Maralinga (Naya): May–June 1955

(Naya): March 1956

(Naya): March–July 1957

(Naya): March–July 1959

(Naya): May 1961

Tims

Maralinga, South Australia

(Naya): July 1955

(Kuli/Naya): March–July 1957

(Kuli): September–November 1957

(Kuli): April–June 1958

(Kuli): September–November 1958

(Kuli): May–November 1959

(Kuli): April–October 1960

(Kuli/Naya): August 1961

(Kuli): March–April 1963

Rats

Maralinga, South Australia

(Naya): April–June 1958

(Naya): September–November 1958

(Dobo): March–July 1959

(Naya/Dobo): September 1960

Vixen A

Maralinga (Wewak), South Australia

June–August 1959

May–August 1960

March–April 1961

Vixen B

Maralinga (Taranaki), South Australia

September–October 1960

April–May 1961

March–April 1963

Glossary

Alpha particles — Positively charged particles containing two protons and two neutrons that are emitted by certain radioisotopes, particularly those with a high atomic number.
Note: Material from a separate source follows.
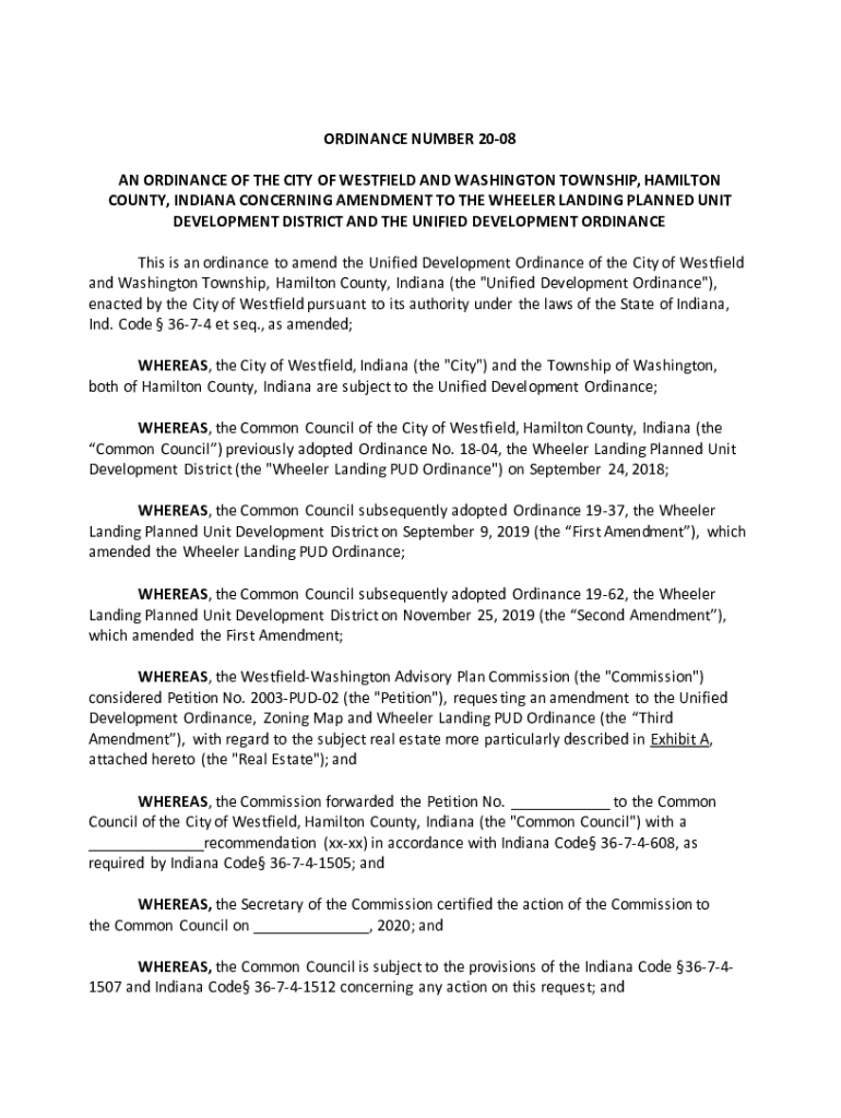 ORDINANCE NUMBER 2008 AN ORDINANCE OF THE CITY OF WESTFIELD AND WASHINGTON TOWNSHIP, HAMILTON COUNTY, INDIANA CONCERNING AMENDMENT TO THE WHEELER LANDING PLANNED UNIT DEVELOPMENT DISTRICT AND THE

Alpha radiation — Radiation caused by alpha particles. Alpha radiation has very little penetrating power but may present a serious hazard if alpha particles are inhaled or ingested.

Atom — The smallest particle of an element that retains the characteristics of that element. It is made up of a nucleus and a cloud of surrounding electrons.

Atomic number — The number and position of an element in the Periodic Table, equating to the number of protons in the nucleus.

Becquerel — The international standard unit of radioactivity, defined as one radioactive disintegration per second.

Beta radiation — Radiation caused by beta particles. Some radioactive elements emit from the nucleus charged particles of low mass called beta particles, which are identical to electrons. Beta radiation has medium penetrating power, between that of alpha and gamma radiation, and may be stopped by light metal such as aluminium.

Deterministic effect — The dose-dependent radioactive effect on a biological entity such as a human body. One kind of deterministic effect is radiation sickness, an often-fatal effect of exposure to a large dose of radioactivity.

D-notice — A secret government request to senior media representatives not to publish certain specified details about defence- or security-related activities. The D-notice system was adopted in Australia in 1952. D-notices were decided by the Defence, Press and Broadcasting Committee administered by the Department of Defence and made up of senior government and media representatives.

Dose — The amount of energy delivered to a mass of material by ionising radiation passing through it.

Dose equivalent — Different kinds of radiation, such as gamma or alpha, have different biological effects. For example, for the same absorbed dose, alpha radiation will produce more effects than gamma radiation. The dose equivalent is measured in sieverts.

Dosimeter — A device, instrument or system used to measure or evaluate a dose of radiation. Two types of personal dosimeters were used at Maralinga by personnel entering radiation areas during the tests: quartz fibre electrometers and film badges.

Fallout — The descent to the earth’s surface of particles contaminated with radioactivity, following the dispersion of radioactive material into the atmosphere by nuclear explosion. The term is applied both to the process and, in a collective sense, to the particulate matter.